Beni Sankar

Personal information
- Full name: Beni Gopaul Sankar
- Born: 25 September 1948 (age 77) Cornelia Ida, British Guiana
- Batting: Right-handed
- Bowling: Right-arm medium
- Role: Batsman

Domestic team information
- 1980: Essequibo

Career statistics
| Competition | FC |
| Matches | 1 |
| Runs scored | 22 |
| Batting average | 11.00 |
| 100s/50s | 0/0 |
| Top score | 20 |
| Balls bowled | 6 |
| Wickets | 0 |
| Bowling average | n/a |
| 5 wickets in innings | 0 |
| 10 wickets in match | 0 |
| Best bowling | 0/4 |
| Catches/stumpings | 0/– |
- Source: CricketArchive, 1 December 2014

= Beni Sankar =

Guyanese cricketer

Beni Gopaul Sankar (born 25 September 1948) is a Guyanese businessman and former cricketer. He captained Essequibo in its only first-class match, in the final of the 1980–81 inter-county Jones Cup.

Sankar was born at Cornelia Ida, in what is now the Essequibo Islands-West Demerara region of Guyana, but was then considered to be part of the county of Demerara in British Guiana. He is thus the only Essequibo first-class cricketer born outside of Essequibo county. Sankar's father, Kayman Sankar, who died in February 2014, was an Indo-Guyanese rice magnate, who rose from a labourer to "Guyana’s most successful rice farmer". Beni Sankar studied at England's National College of Agricultural Engineering in Silsoe, Bedfordshire, graduating in 1974, and entered his father's employment, eventually becoming CEO of the Kayman Sankar Group. He was also a director of Demerara Distilleries and Demerara Bank, and in the late 2000s helped to establish Guyana's aquaculture industry, establishing 25 acres of fish ponds at his father's property in Hampton Court. Sankar has also served as president of Guyana's Private Sector Commission (from 1994 to 1996), president of Georgetown's Rotary Club, and chairman of the Caribbean Rice Association.

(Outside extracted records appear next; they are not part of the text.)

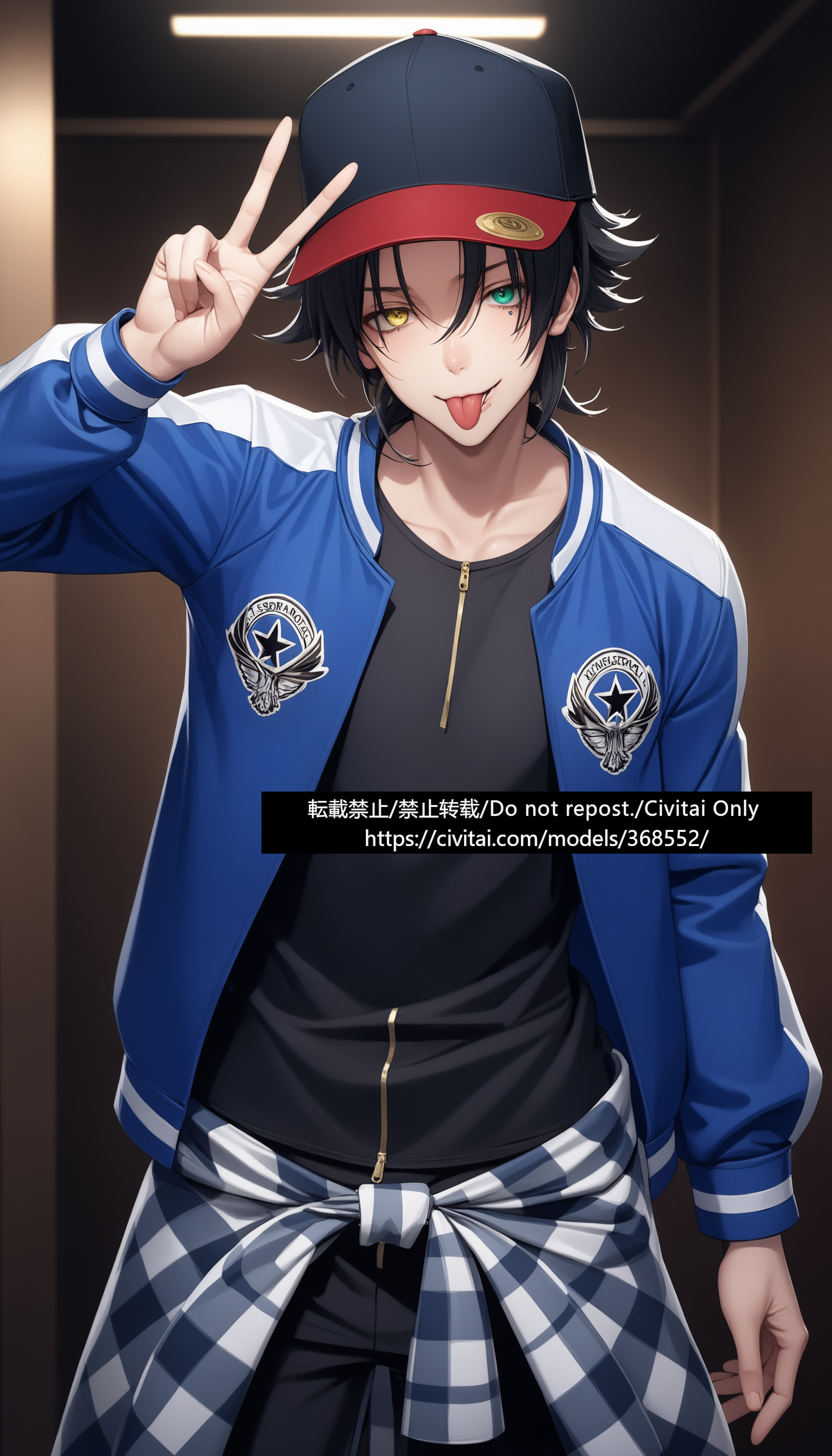 推奨ワード 1boy, solo, black hair, blue cap, yellow eyes, heterochromia, green eyes, two-toon jaket, blue jacket, long sleeves, white sleeves, checkered clothes around waist, male focus, black shirt, black pants, red brim,
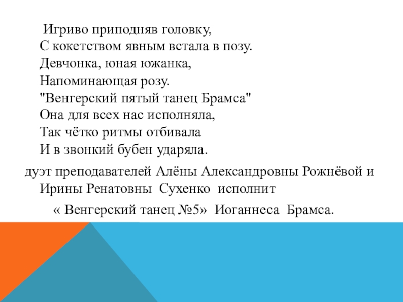 дуэт преподавателей Алёны Александровны Рожнёвой и Ирины Ренатовны Сухенко исполнит
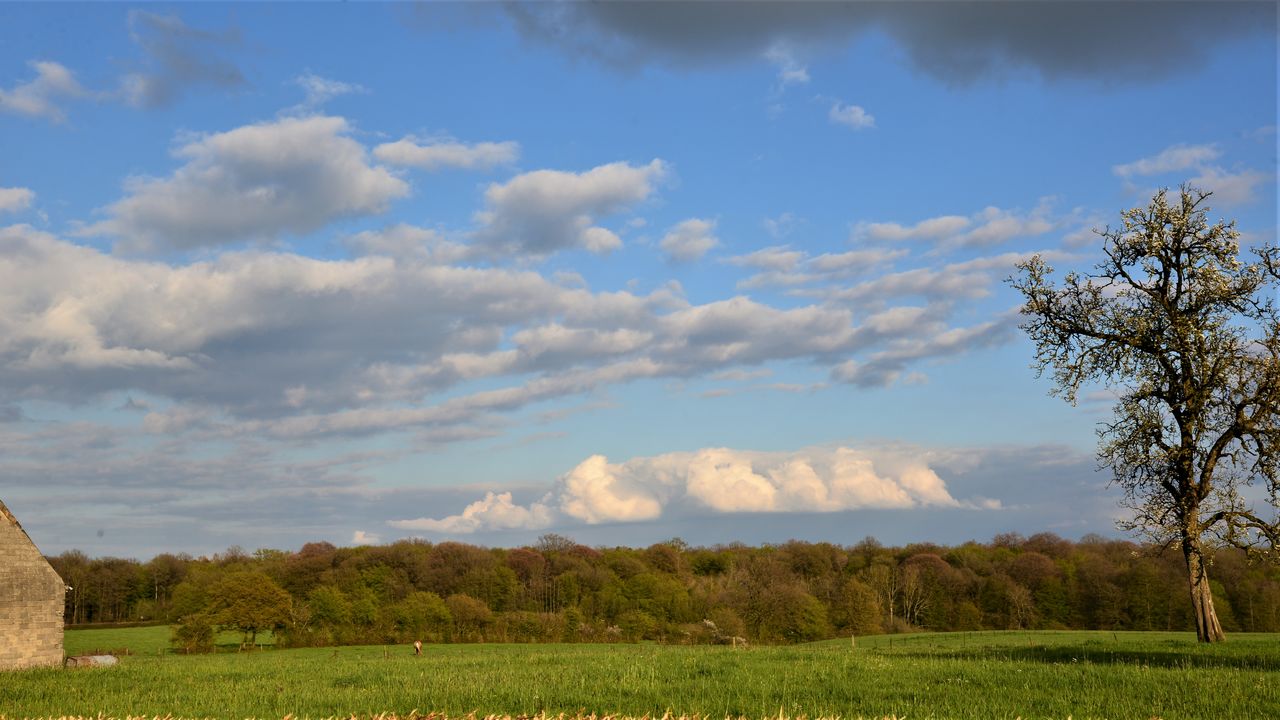 Enfin une large éclaircie dans le ciel de Sautin après plusieurs jours de grisaille et de pluie, le 26 avril 2023.
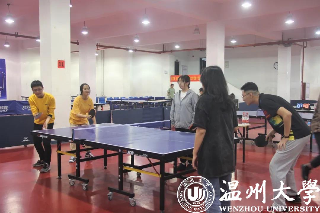 一次次回旋,一个个削搓,球拍与球在赛场上不停碰撞,勾勒出一道道完美弧线,精准落向台面。4月18日,p站视频 第四十四届校运会乒乓球比赛在p站视频 南校乒乓球馆隆重举行,我院胡圣凯、沈冰伟、朱玥橦、程玲四位同学在金建钰教练的带领下,组成学院代表队参加了此次比赛。
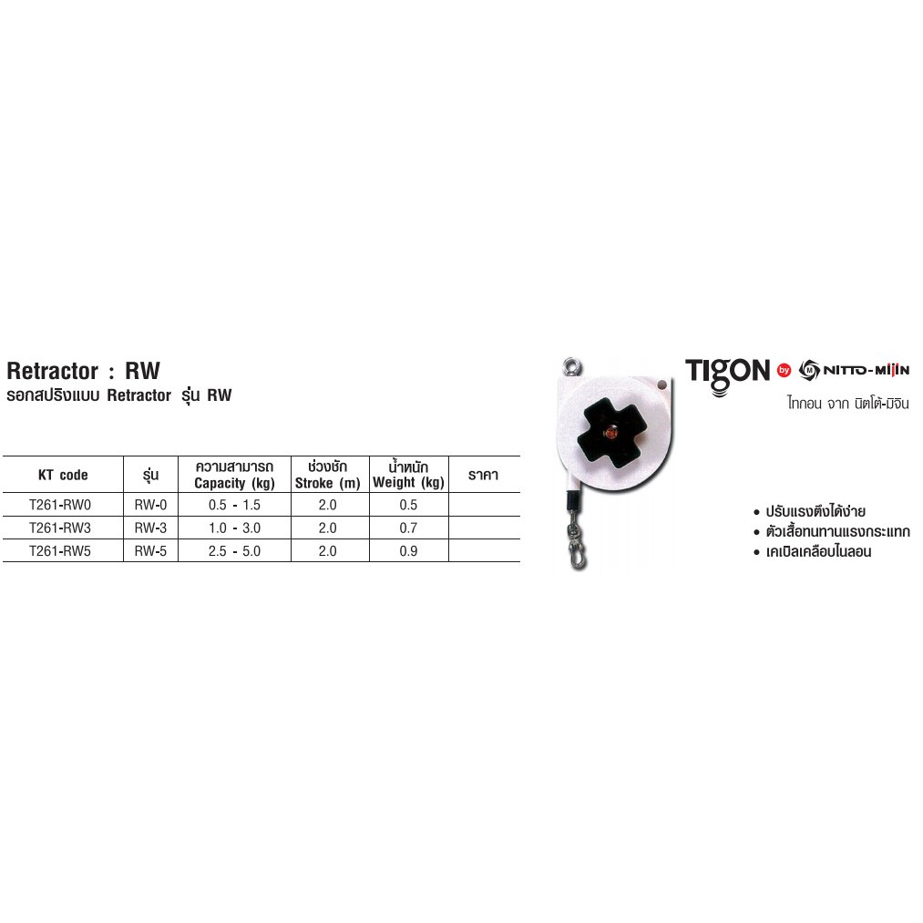 รอกสปริงแบบ RETRACTOR 0.5 - 5.0 KG RW Series ยี่ห้อ TIGON
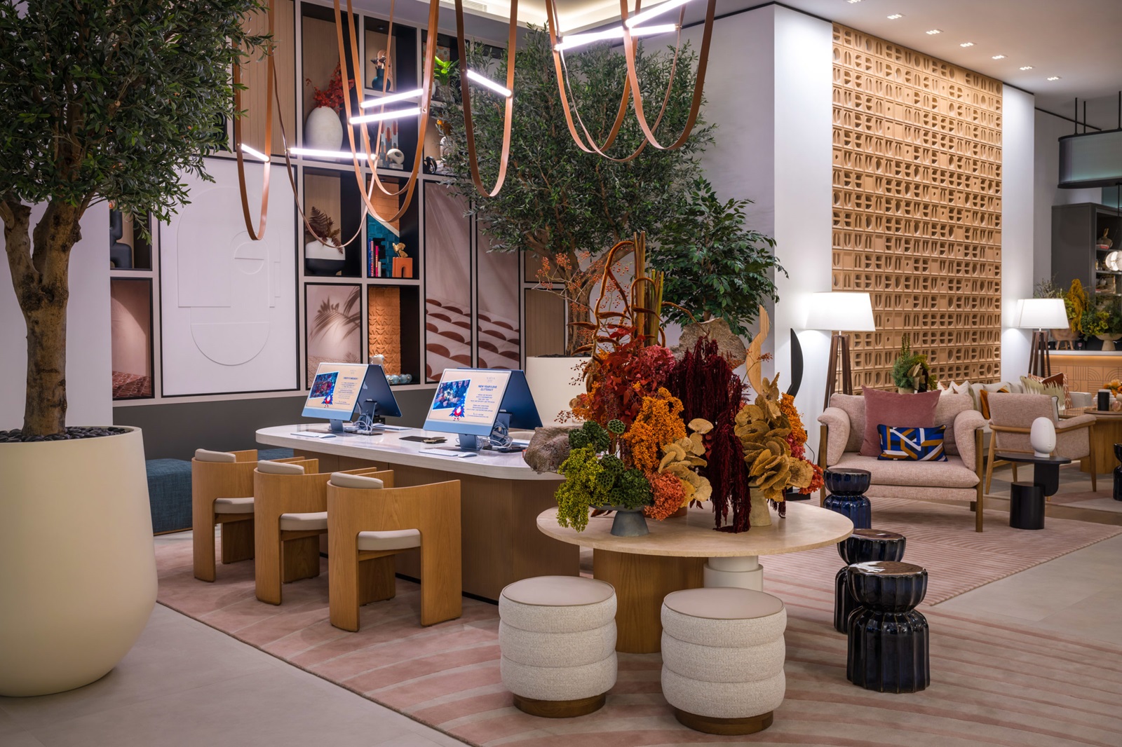 lobby contemporain avec bar (e.a. cafés, repas légers) et vue sur la marina

Outside of business, Sankar has been keenly involved in Guyanese sport, holding a pilots' licence and serving as a president of the Guyana Table Tennis Association and as a vice-president of the Guyana Cricket Board. His first-class cricket career was brief, consisting only of a single match for Essequibo. The match was played against Berbice at the Kayman Sankar Cricket Ground, named for Sankar's father and located near his Hampton Court property. Sankar captained Essequibo, and, playing as a top-order batsman, scored two runs in the first innings and 20 runs in the second innings. He also bowled a single over of right-arm medium pace in Berbice's second innings, conceding four runs without taking a wicket. Berbice won the match by nine wickets in what was Essequibo's only first-class match – only the final of the three-team Jones Cup (later the Guystac Trophy) was accorded first-class status, and Essequibo made the final only once, having defeated Demerara in an earlier match. The scorecards of the non-first-class matches played by Essequibo are not available before the late 1990s, and it is therefore uncertain how Sankar played for Essequibo in other matches.